Так и оказалось. О себе Юрий Петрович Сычев поведал очень коротко, несколькими рублеными фразами, и то по настоянию журналиста. Военный моряк, подводник (браво, Тойво!), с 1976 года служил в учебном центре города Палдиски под названием «Пентагон», где отрабатывались на тренажерах экипажи советских атомных подводных лодок. После развала СССР был уволен в запас, но остался проживать в этом маленьком эстонском городке, так как никакого другого жилья на бескрайних просторах бывшей огромной Родины просто не имел. С женой развелся, перебивался случайными заработками, пока не подвернулось более-менее постоянное место работы – охранником в ресторане, который разместился в здании бывшего Палдисского Дома офицеров…
Круус слушал собеседника вполуха. Он сам мог бы поведать не об одном десятке таких вот поломанных судеб. Сычев, по крайней мере, не опустился и не спился. Тойво рассеянно оглядывал интерьер маленького кафе в подвальчике, где они разместились за столиком в углу. Никаких тебе изысков: на свежепобеленных стенах висели две медвежьи шкуры, явно синтетические, полдюжины столиков из толстых темных досок без скатертей призваны были подчеркивать простоту трапезы в «Охотничьем приюте».
Журналист специально привел сюда гостя, проплутав полчаса по кривым и узким улочкам Старого города: кафе было совсем незаметным, не отличалось изысканной кухней и качественными напитками, поэтому здесь невозможно было встретить никого из сотрудников редакций и издательств, расположенных в центре города. А может, зря было тратить столько времени на уединение? Вон, кажется, рассказ уважаемого Юрия Петровича быстро соскользнул на проторенную колею «сенсационных» свидетельств из мира «непознанного и неопознанного».
– Говорите, голубоватое свечение? – переспросил Круус, медленно и лениво потягивая местное темное пиво из глиняной кружки.
Собеседник прервал рассказ и внимательно посмотрел на него:
– Именно свет. Голубоватый, как от люминесцентных ламп. А… понимаю! Только это не имеет никакого отношения к НЛО, шаровым молниям и таинственным пришельцам из альфы Центавра. Хотя… пришельцы, по-моему, определенно имеются.

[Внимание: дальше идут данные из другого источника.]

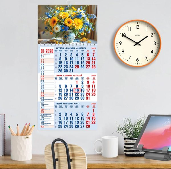 Календарна сітка на трьох мовах: українська, англійська, польська.

Сычев отхлебнул пиво из кружки.
– Вы, конечно, знаете, что на базе Палдисского военно-морского учебного центра с 60-х годов работали два атомных реактора? Точнее, второй запустили уже в 80-х. Место называлось «3-я площадка». Я не занимался непосредственным обслуживанием этих реакторов, но по долгу службы постоянно посещал их, приводил туда для практической отработки лодочных специалистов. Так что сами объекты и всю окружающую территорию знаю как свои пять пальцев. В 1994 году Палдиски покинул последний российский
Поймав недоуменный взгляд журналиста, Юрий Петрович быстро уточнил:
– Конечно, не в рабочем состоянии! Урановые стержни были извлечены и вывезены в Россию, а сами реакторы заключены в специальные бетонные саркофаги. К тому времени для подобных операций уже накопился незаменимый опыт Чернобыля! С тех пор бывший ядерный объект перестал кого-либо интересовать. Ну разве что время от времени «зеленые» поднимали шум по поводу якобы загрязнения окружающей среды…
– А что, это беспочвенно?
Сычев хмыкнул:
– Что можно, уже загрязнили. Никаких новых выбросов с 90-х годов не наблюдалось. На «3-й площадке» установили сторожевой пост. Ха! Именно сторожевой: набрали несколько баб и посадили посменно в деревянную будочку. Да кому нужен этот бетонный гроб?!
– А что, Юрий Петрович, за прошедшие полтора десятка лет не могли окончательно… ну… убрать, что ли, всякие… э… остатки этих реакторов?
– Может, и могли бы, да ядерная физика не позволяет!
– ?!
– Окончательный демонтаж реакторов в том смысле, как его понимают дилетанты, – Сычев бросил взгляд на журналиста, – дело будущего. Он начнется никак не раньше 2040 года. К этому сроку исполнится одно из главных условий – произойдет десятикратный полураспад радиоактивных изотопов кобальта. Так что как раз к этому времени и надо построить так называемое «конечное хранилище», где отходы будут храниться вечно.
– И в чем тогда «фишка»?
Юрий Петрович щелкнул пальцами и на хорошем эстонском попросил бармена из-за стойки принести еще пару бокалов пива. Круус удивился:
– Нечасто встретишь русского, так хорошо владеющего нашим языком. А уж тем более из Палдиски! Там же русских – большинство.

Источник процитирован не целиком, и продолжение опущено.